Open SINAPSA-IC opened 4 months ago
Similar issue with the following setup:
GPT4All 3.1.1 MacBook Air M2 24GB RAM under macOS Sonoma 14.5 Model: Gemma-2-9B-it-Q8_0
See screenshots for further details.
Please provide links to where you got the model from, as the date of quantization is very important and the config that was used for quantization too.
Gemma-2-9B-it is not officially supported yet. There are some issues with that model.
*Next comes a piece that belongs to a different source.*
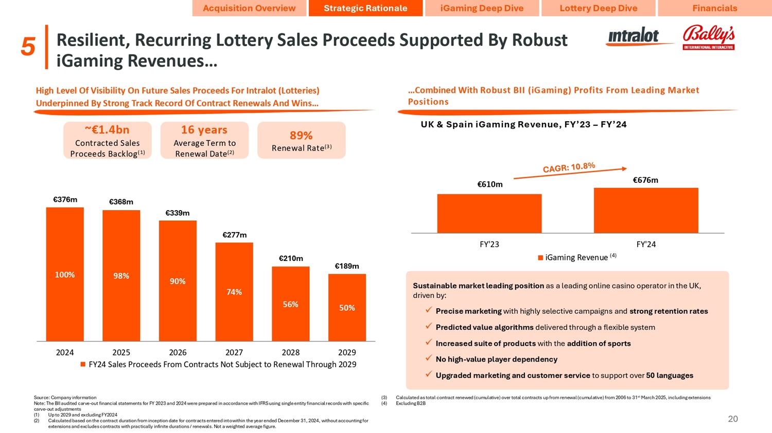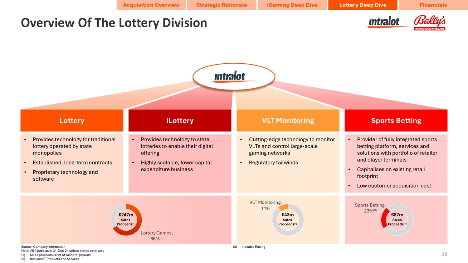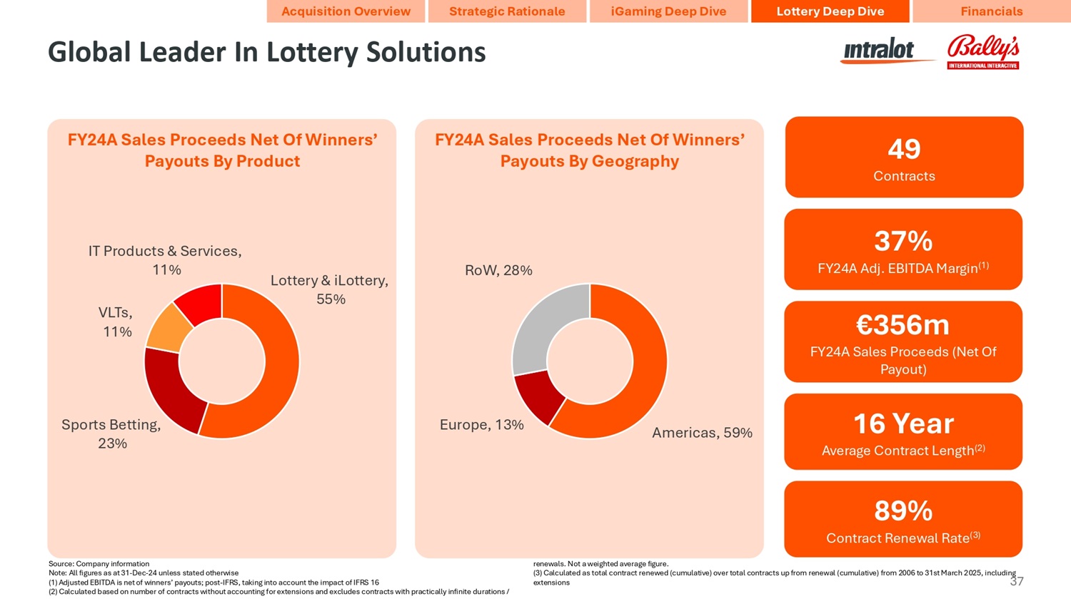 Global Leader In Lottery Solutions 37 Americas, 59% Europe, 13% RoW, 28% Lottery C iLottery, 55% Sports Betting, 23% VLTs, 11% IT Products C Services, 11% FY24A Sales Proceeds Net Of Winners’ Payouts By Product FY24A Sales Proceeds Net Of Winners’ Payouts By Geography 16 Year Average Contract Length (2) €356n FY24A Sales Proceeds (Net Of Payout) 37% FY24A Adj. EBITDA Margin (1) 8G% Contract Renewal Rate (3) 4G Contracts Source: Company information Note: All figures as at 31 - Dec - 24 unless stated otherwise (1) Adjusted EBITDA is net of winners’ payouts; post - IFRS, taking into account the impact of IFRS 16 (2) Calculated based on number of contracts without accounting for extensions and excludes contracts with practically infinite durations / renewals. Not a weighted average figure. (3) Calculated as total contract renewed (cumulative) over total contracts up from renewal (cumulative) from 2006 to 31st March 2025, including extensions Financials Lottery Deep Dive iGaming Deep Dive Strategic Rationale Acquisition Overview
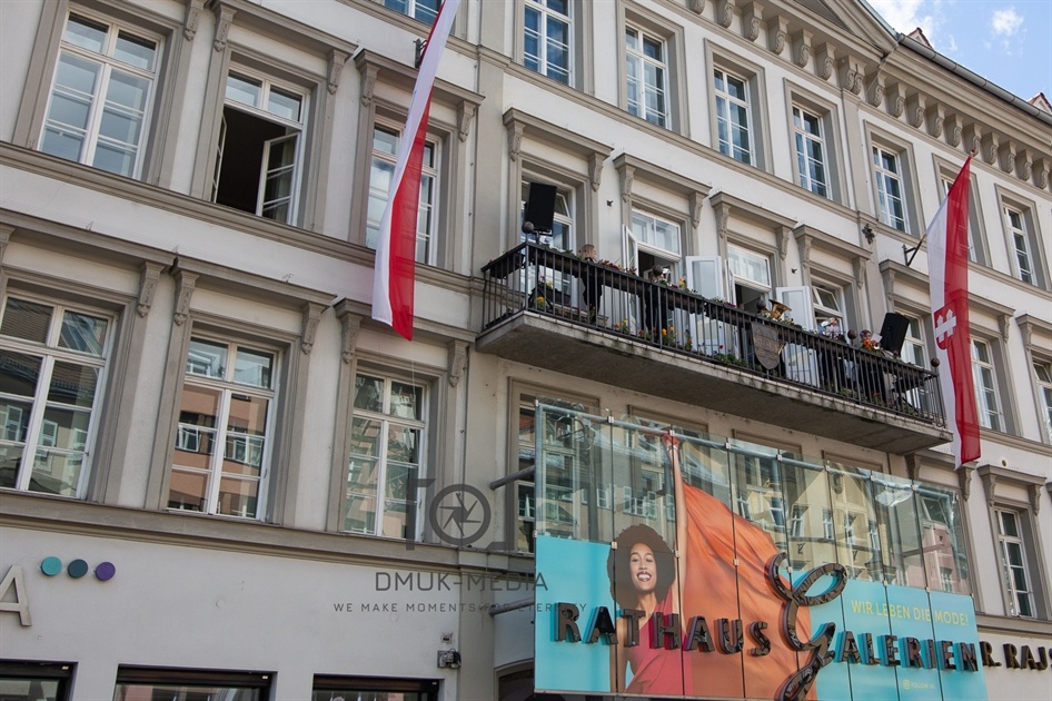 INNSBRUCK, AUSTRIA - MAY 3: R.E.T. Chamber Brass at the Innsbruck Town hall balcony during the Minutes of commemoration of the end of the Second World War in Innsbruck at Rathaus Innsbruck on May 3, 2020 in Innsbruck, Austria.

You will have to quantize it with custom configuration. Maybe Nous Hermes 2 Mistral DPO requires re-quantization too. I would need to look up its config files. It has been a while since it was added to GPT4All and upstream llama.cpp has changed a lot during that time, so old quants might have to be deprecated. Could also be that this is a sign of the model being finetuned badly, if it only happens very rarely.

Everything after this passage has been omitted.